Praktik yang dilakoni, sambung Teuku Sukandi, sudah sangat meresahkan masyarakat, pejabat dan kepala sekolah, padahal cara-cara seperti itu dilarang oleh agama dan bertentangan dengan aturan pemerintah.
Dari beberapa peristiwa, ada pejabat yang mengaku merekam dengan video visual atas perilaku dan percakapan oknum tersebut serta diketahui secara jelas orangnya, termasuk screenshot WhatsApp (WA).
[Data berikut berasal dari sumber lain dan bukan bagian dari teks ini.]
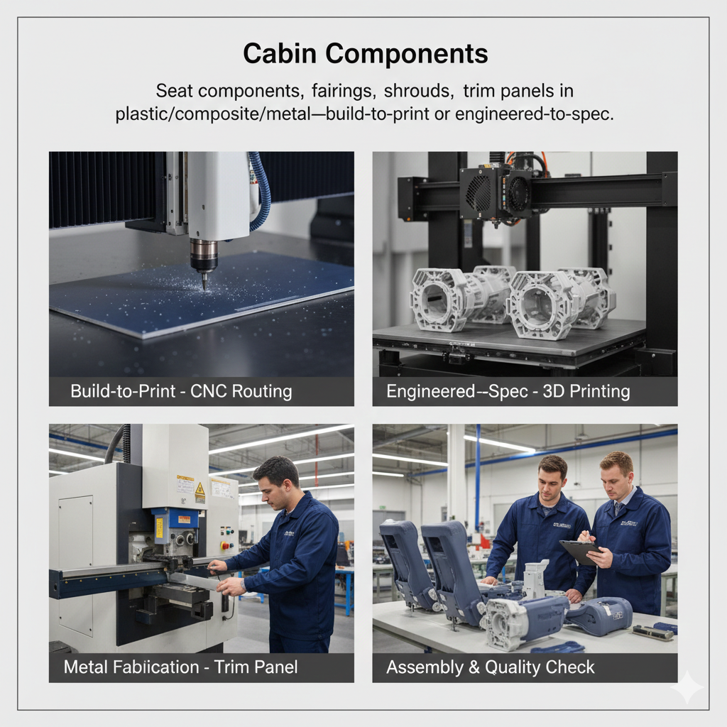 Seat components, fairings, shrouds, trim panels in plastic/composite/metal—build-to-print or engineered-to-spec.

"Kalau sekiranya, meminta bantuan ala kadar barangkali masih bisa ditolerir, dalam konteks pertemanan, tetapi jika nominalnya sudah jutaan atau puluhan juta serta diduga dibawah ancaman tentu saja melewati batas dan mengarah pemerasan," papar Teuku Sukandi.
Didasari pengakuan sejumlah sumber, For-PAS menghimbau kepada Kepala SKPK, pejabat dan kepala sekolah untuk tidak takut menghadapi oknum eskondel dengan cara-cara tidak beretika, atur strategi dan laporkan ke pihak yang berwajib. Kondisi itu jangan didiamkan karena dikhawatirkan akan jatuh korban lebih banyak.
"Rekam semua percakapan, ciptakan ada saksi dan bukti autentik, lalu laporkan kepada pihak berwajib, saya For-PAS siap mengawal jika terindikasi pemerasan dan intimidasi dengan dalih apapun. Jangan sampai jatuh korban lebih banyak, laporkan ke polisi supaya dia taubat," tegasnya.
Sekarang jaman canggih, dan sudah banyak yang tertangkap tangan. "Obatnya, visualkan saja untuk menjadi bukti disertai saksi, apalagi jumlah transaksi melalui ditransfer, pasti oknum eskonder dimaksud bisa dibuat mati kutu dan mendapat efek jera.
"Sekali lagi, saya bersama teman-teman siap memback-up, apabila ada korban pemerasan dan diintimidasi. Jangan biarkan tingkah mereka menjadi-jadi, apalagi publik sangat memahami drama yang dimainkan. Para pejabat dan kepala sekolah harus menunjukan perlawanan untuk menciptakan kenyamanan," tutup Teuku Sukandi.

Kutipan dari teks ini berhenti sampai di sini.